1,COMMUNE00000000000000002,33,47033,BOUDY-DE-BEAUREGARD,Commune simple,516424,6384852,515575,6385938,112,1019,414,3,47,LOT-ET-GARONNE,75,AQUITAINE-LIMOUSIN-POITOU-CHARENTES,"POLYGON ((514320.800 6384320.200, 514310.300 6..."
2,COMMUNE00000000000000003,9,32009,ARMOUS-ET-CAU,Commune simple,472979,6278963,473004,6278937,221,932,95,3,32,GERS,76,LANGUEDOC-ROUSSILLON-MIDI-PYRENEES,"POLYGON ((474752.300 6280446.600, 474783.500 6..."
3,COMMUNE00000000000000004,225,38225,AUTRANS-MEAUDRE EN VERCORS,Commune simple,898640,6450689,898625,6451597,1234,3371,2973,1,38,ISERE,84,AUVERGNE-RHONE-ALPES,"POLYGON ((902167.200 6463694.700, 902252.500 6..."
4,COMMUNE00000000000000005,890,62890,WILLEMAN,Commune simple,640049,7028672,640115,7029900,79,1023,178,4,62,PAS-DE-CALAIS,32,NORD-PAS-DE-CALAIS-PICARDIE,"POLYGON ((639510.500 7027545.000, 639456.600 7..."


In [19]:
# subet munucpalities belonging to the idf region
geo_municipalities_geofla_subset = geo_municipalities_geofla[geo_municipalities_geofla.CODE_REG == '11']
# convert back to geojson
geo_municipalities_geofla_geojson = geo_municipalities_geofla_subset.to_crs(epsg='4326').to_json()

In [20]:
import folium
m = folium.Map(location=[48.8534, 2.3488],
              zoom_start=7)


folium.GeoJson(
    geo_municipalities_geofla_geojson,
    name='geojson'
).add_to(m)

<folium.features.GeoJson at 0x256a1d27488>

In [21]:
# plot map
m

In [22]:
geo_municipalities_geofla_LIMITE_COMMUNE = gpd.read_file("data/raw/territory/boundaries/IGN/GEOFLA/1_DONNEES_LIVRAISON_2016-06-00236/GEOFLA_2-2_SHP_LAMB93_FR-ED161/COMMUNE/LIMITE_COMMUNE.shp")
geo_municipalities_geofla_LIMITE_COMMUNE.head()
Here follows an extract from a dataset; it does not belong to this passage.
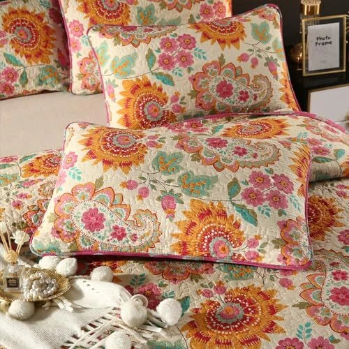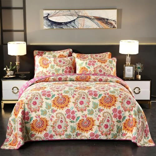 Return Policy Fast Delivery Trusted seller 100% Cotton Boho Quilt Set Full Queen Size Gorgeous Paisley Floral Patterned Quilt Bedspread 98"x90" Bohemian Vibrant Exotic Ethnic Mandala Coverlet Bedding Set 3 Pieces for All Seasons Product Description ❤️ 100% Cotton Quilt Set Full/Queen: This Boho Quilted Bedspread is made of Natural 100% selected cotton cover, 80% cotton and 20% polyester blend filling, which are ultra soft breathable feeling, warmth, comfortable, smooth, safe and skin-friendly. Cotton material features better moisture absorption and breathability to keep a dry and fresh sleeping environment. The pre-washed craftsmanship makes the cotton fabric get softer after every wash and stay cozy for years. ❤️ Colorful Boho Reversible Quilt Set: This classic bohemian quilted bedspread full / queen set in a unique beautiful rose red orange fuchsia beige mixed color design with gorgeous paisley and plant and mandala floral patterns makes your room vibrant bright and cozy. Infuses modernity into your space while maintaining classic bohemian charm. ❤️ Versatile and Practical:The neat and tight stitches of the quilted bed cover keep your filling uniform, even after washing to ensure long-term use. Three-layer design and the 220gsm cotton filler inside make this vibrant quilt set lightweight but warm, suitable for spring, summer, autumn/fall, and winter, and can be used as a quilt set, coverlet set, bedspread, sofa cover, and comforter set. It can be used alone or with a blanket or comforter. ❤️ Package & Perfect Gift Ideas: 1 PCS Boho Full/Queen Quilt Bedspread 90" x 98", 2 PCS Pillow Shams 20" x 26". Note: Because of random clipping, the pillowcase may not be completely as same as the picture. Luxury quilt sets fit for bedroom, guest room and dormitory. Also good for use in traveling and camping. Great on the sofa and couch. Perfect gift to families and friends birthday gifts, house-warming, etc as well. ❤️ Easy Care: Machine wash cold on gentle cycle with like colors. Tumble dry low. Do not bleach. No pilling, no shrink, no fade, labor tests show that the boho cotton quilt set keep its shape and stay brands new after frequent wash cycles. Shipping Returns Payment Shipping Shipping is FREE to all addresses other than APO/PO boxes in the lower 48 states. All our stock ships from US-based warehouses. Shipped via USPS or UPS (depending on location and package weight) Unless stated otherwise, all orders will ship within 24-72 hours of your payment being processed. Check our feedback to see the great reviews of FAST shipping we offer. Returns Seller does not accept returns Payment We currently accept payment via eBay managed payments only. Once payment is cleared, we will dispatch your shipment within 1-3 business days. Please refer to the "Shipping" tab for more information regarding shipping speed to your destination.

Unnamed: 0,NATURE,ID_GEOFLA,geometry
0,Limite de commune,LIMI_COM0000000000000001,"LINESTRING (809899.000 6920882.800, 809903.700..."
1,Limite d'arrondissement,LIMI_COM0000000000000002,"LINESTRING (671069.200 6170756.900, 671033.800..."
2,Limite de commune,LIMI_COM0000000000000003,"LINESTRING (825266.400 6859502.500, 825336.400..."
3,Limite de commune,LIMI_COM0000000000000004,"LINESTRING (932228.000 6909094.200, 932258.700..."
4,Limite de commune,LIMI_COM0000000000000005,"LINESTRING (849782.300 6830318.200, 849792.100..."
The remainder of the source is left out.